* Your instructions
All that is wanted is the exact lines from the first line of the data below through the line with "- Amplias aplicaciones", both ends included, with pictures omitted.

* Provided material
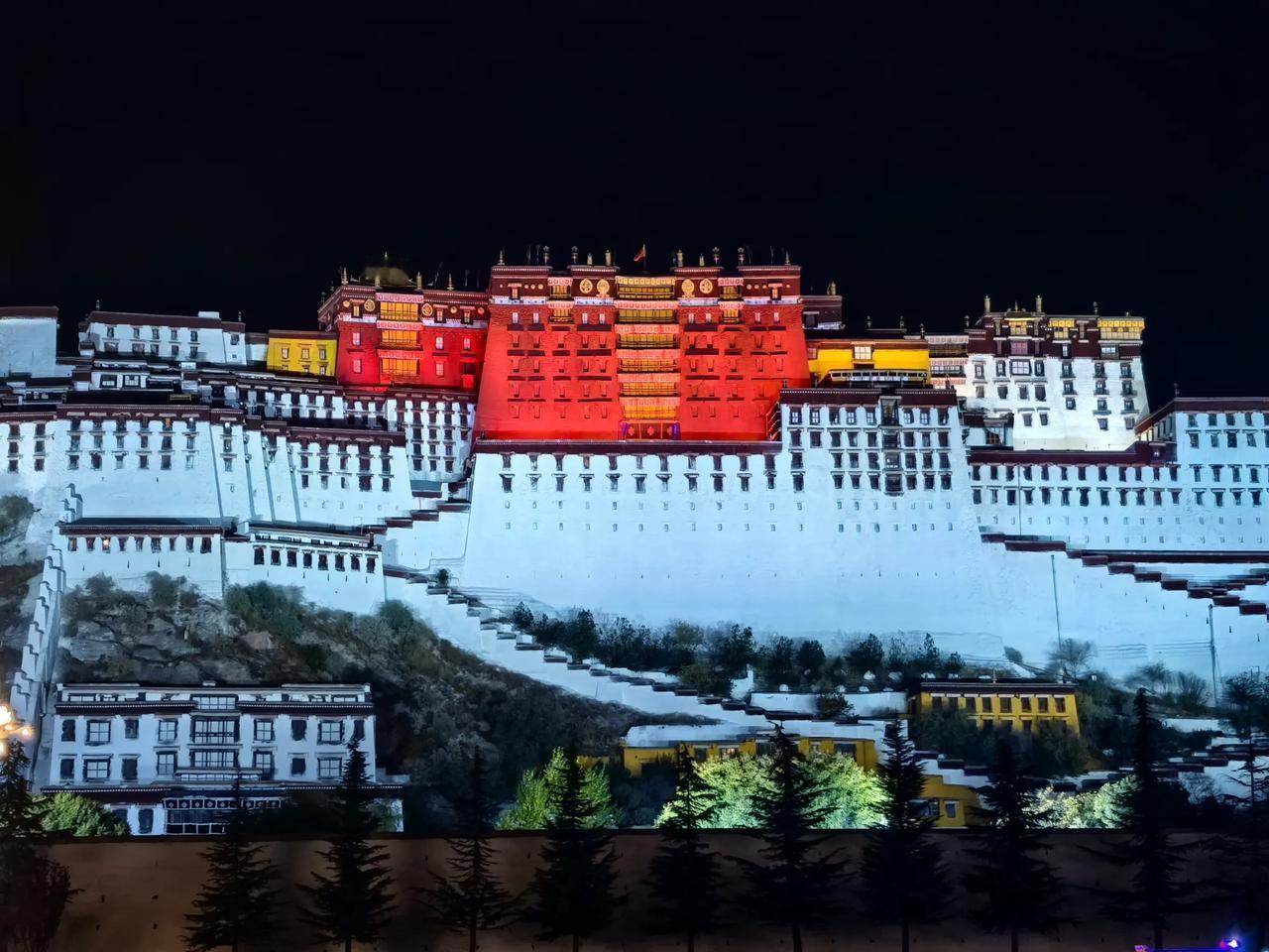 布达拉宫,在我们眼中是那么雄伟壮观。夜色阑珊处的布达拉宫,在五色灯光的照谢下,又
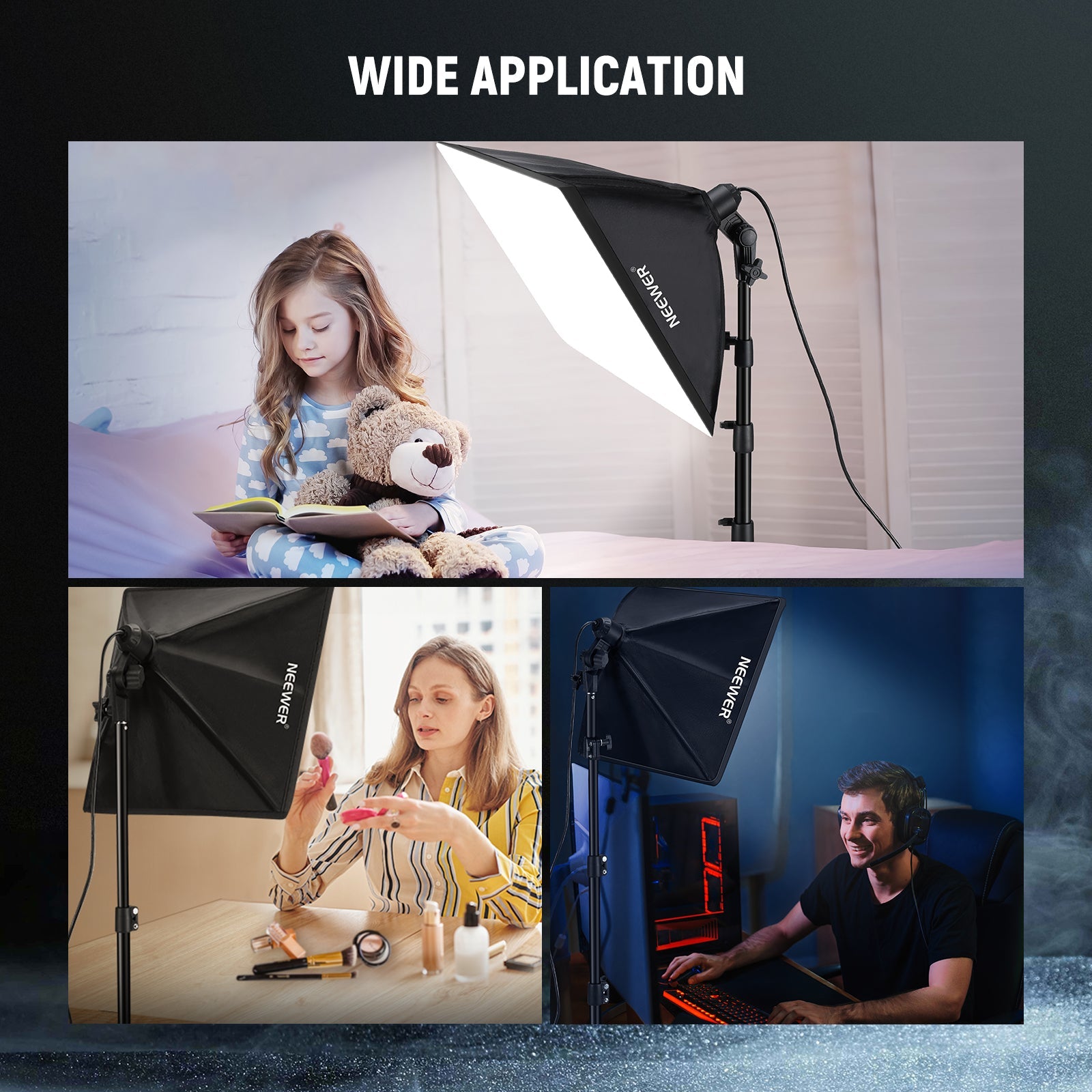 - Amplias aplicaciones : este kit de iluminación de estudio es perfecto para diversas necesidades de fotografía y videografía tanto en el estudio como en el hogar. Ayuda a capturar retratos brillantes pero suaves, fotografías de productos, vídeos de YouTube/TikTok, bodas y fotografías de niños. Además, es una iluminación ideal para grabación de vídeo, transmisión en vivo, juegos y fotografía.
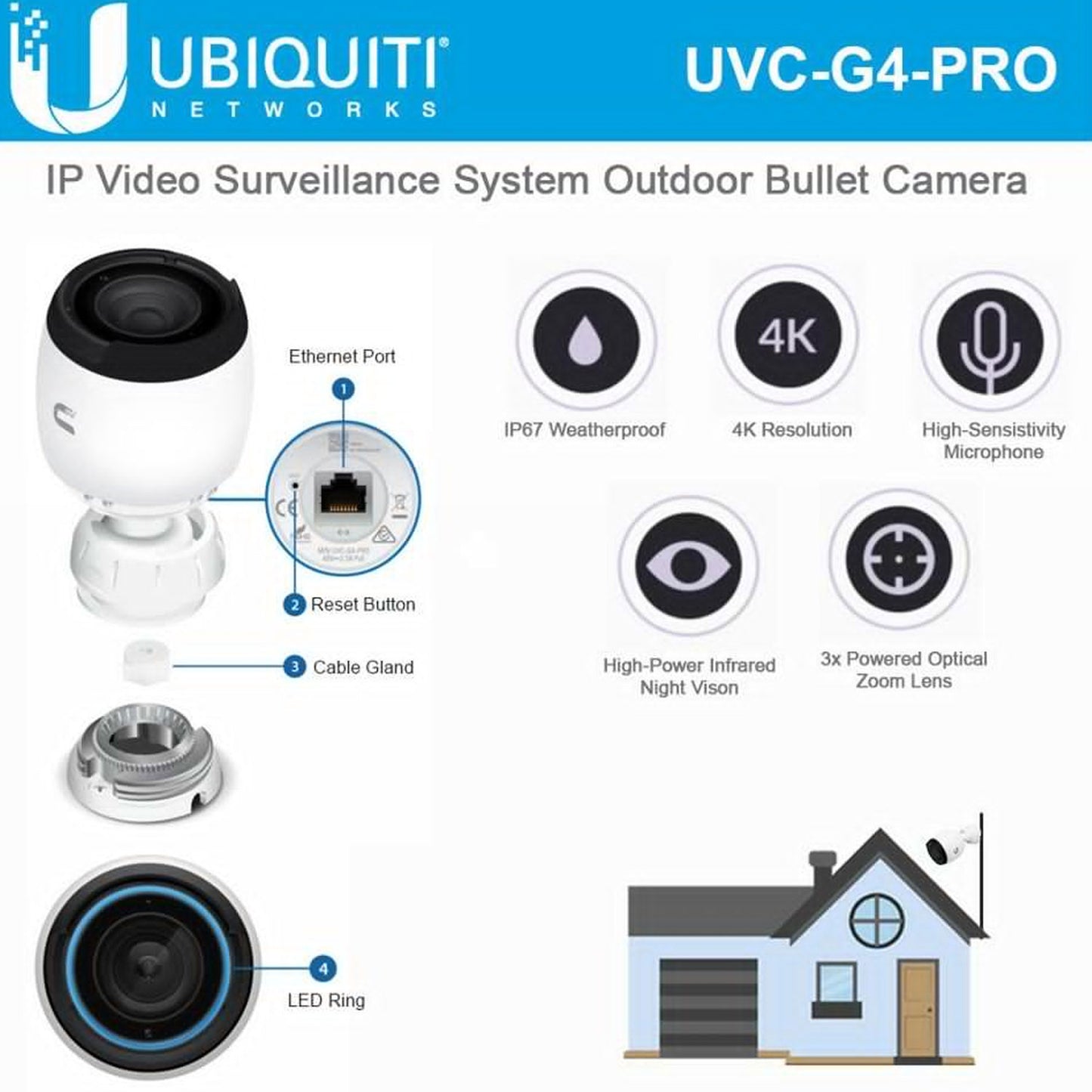 Ubiquiti Networks UniFi UVC-G4-PRO Ultra HD 4K Resolution Outdoor PoE Network Bullet Camera with 3x Optical Zoom

* Solution for this exercise
 布达拉宫,在我们眼中是那么雄伟壮观。夜色阑珊处的布达拉宫,在五色灯光的照谢下,又
 - Amplias aplicaciones : este kit de iluminación de estudio es perfecto para diversas necesidades de fotografía y videografía tanto en el estudio como en el hogar. Ayuda a capturar retratos brillantes pero suaves, fotografías de productos, vídeos de YouTube/TikTok, bodas y fotografías de niños. Además, es una iluminación ideal para grabación de vídeo, transmisión en vivo, juegos y fotografía.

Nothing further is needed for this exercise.